Shulou(Shulou.com)11/24 Report--

CTOnews.com, November 2, according to the official news of Hefei Academy of material Sciences of the Chinese Academy of Sciences, Pan Xu and Tian Xingyou, researcher team of Institute of solid State Physics of Hefei Academy of material Sciences, key Laboratory of Photovoltaic and Energy Saving Materials of Chinese Academy of Sciences, and Professor Dai Songyuan of North China Electric Power University, worked together with Professor Nam-Gyu Park of Chengjunguan University of South Korea and Professor Dai Songyuan of North China Electric Power University. A new breakthrough has been successfully made in the research of trans-perovskite solar cells.

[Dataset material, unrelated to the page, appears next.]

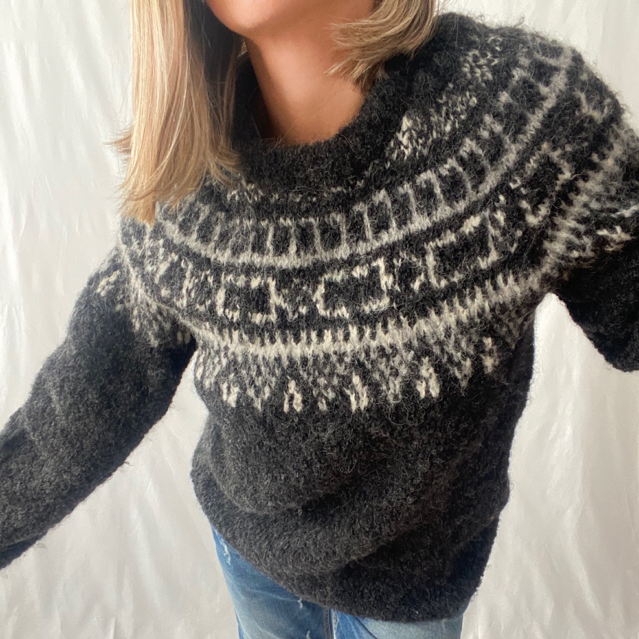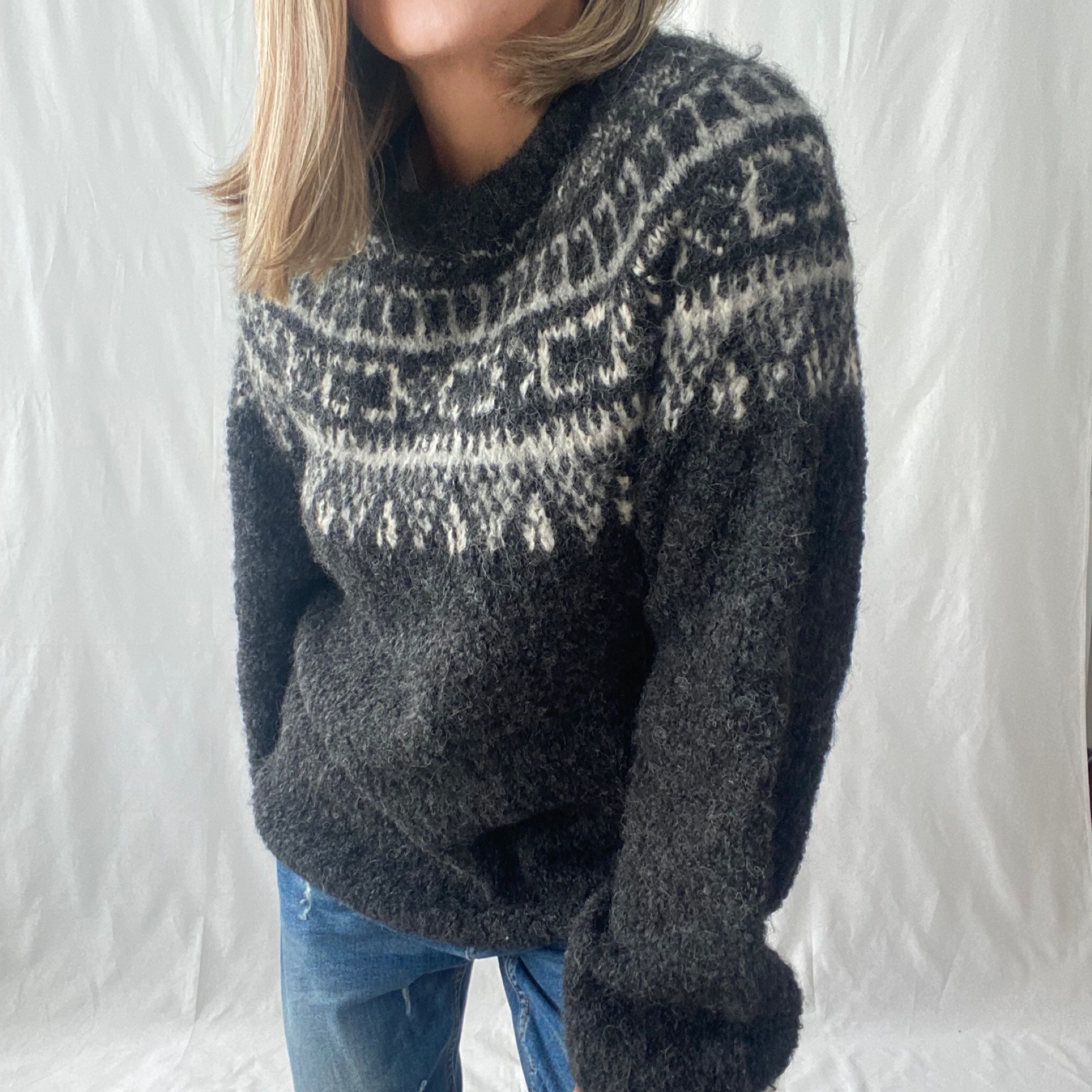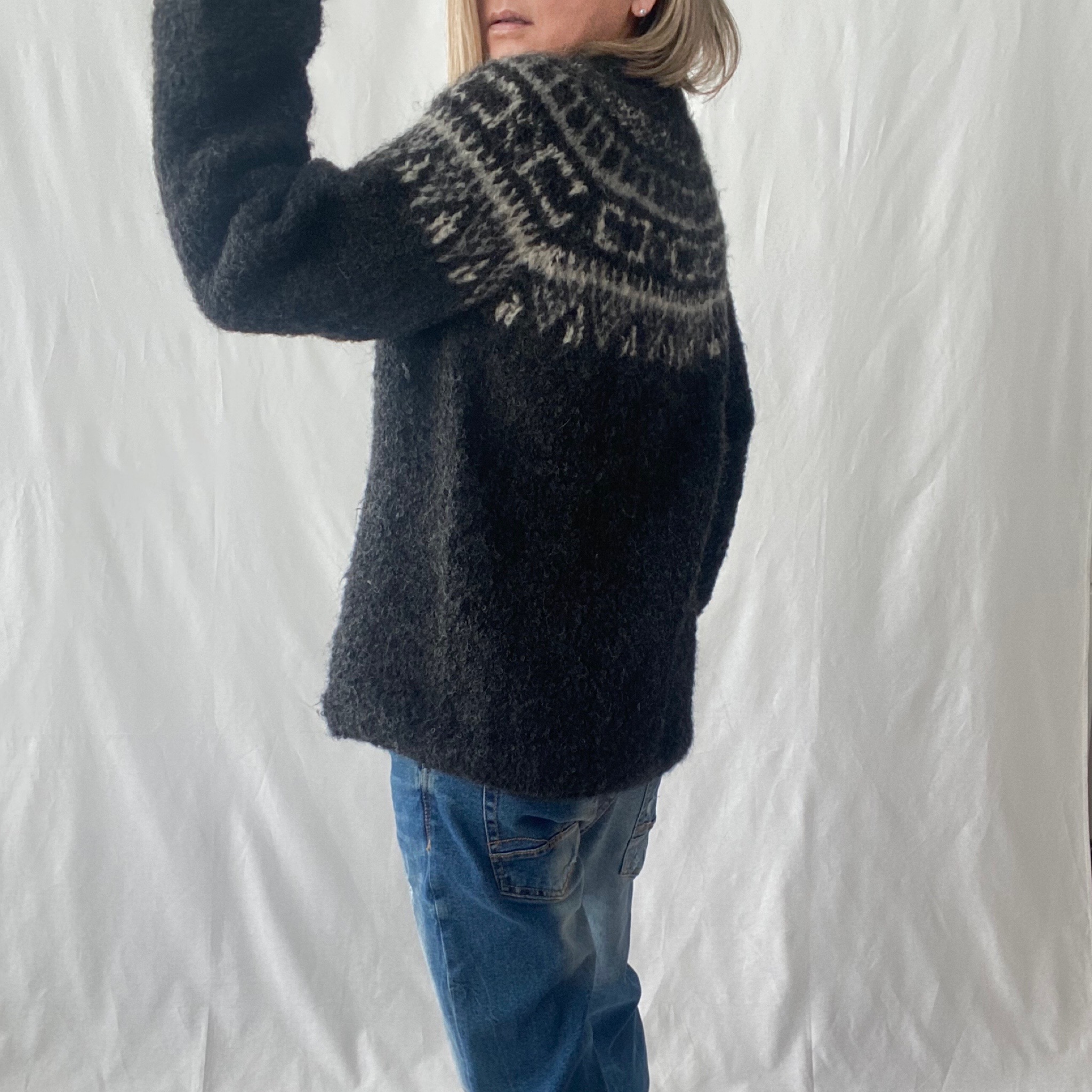 Sweater de alpaca tejido a mano por artesanos ayacuchanos. Diseño clásico y contemporáneo al mismo tiempo. Nos remite a los andes y al olor de las montañas.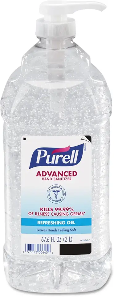 PURELL Advanced Gel (2-Liter pump bottle, 4.5 lbs). Clean scent, family-size, long-lasting protection. 1-year warranty.

The research team found for the first time that the out-of-plane distribution of perovskite cations was the main reason affecting the battery performance, and the photoelectric conversion efficiency (PCE) of 26.1% was obtained by designing 1-(benzenesulfonyl) pyrrole (PSP) as an additive to homogenize the phase distribution of perovskite thin films.

The related results were published online on November 2 (AAP) in the journal nature, CTOnews.com attached a link to the paper:

Https://www.nature.com/articles/s41586-023-06784-0

According to reports, perovskite solar cells are solar cells that use perovskite-type organometallic halide semiconductors as light-absorbing materials. It belongs to a new concept of solar cells. After years of development, the traditional methods of interface passivation and crystallization regulation have greatly promoted the improvement of cell efficiency, but in recent years, the improvement rate of cell efficiency has obviously slowed down, and related research has encountered a "bottleneck".

Researchers have found that phase separation is inevitable in perovskite films. The previous work of the research team showed that effective management of halogen phase separation is helpful to improve the performance of devices. High efficiency perovskite materials are often obtained by using cationic doping components in pure iodine system, especially in FA1-xCsxPbI3 system. The distribution of different cationic components in the out-of-plane direction of perovskite body is very important for carrier diffusion and interface extraction of perovskite body. An in-depth study of the out-of-plane distribution of cations is not only helpful to understand the carrier dynamics of perovskite bodies, but also is expected to further improve the efficiency of perovskite solar cells. However, the distribution of different cationic components in perovskite phase and the reasons that affect the stability and efficiency loss of the battery are not clear.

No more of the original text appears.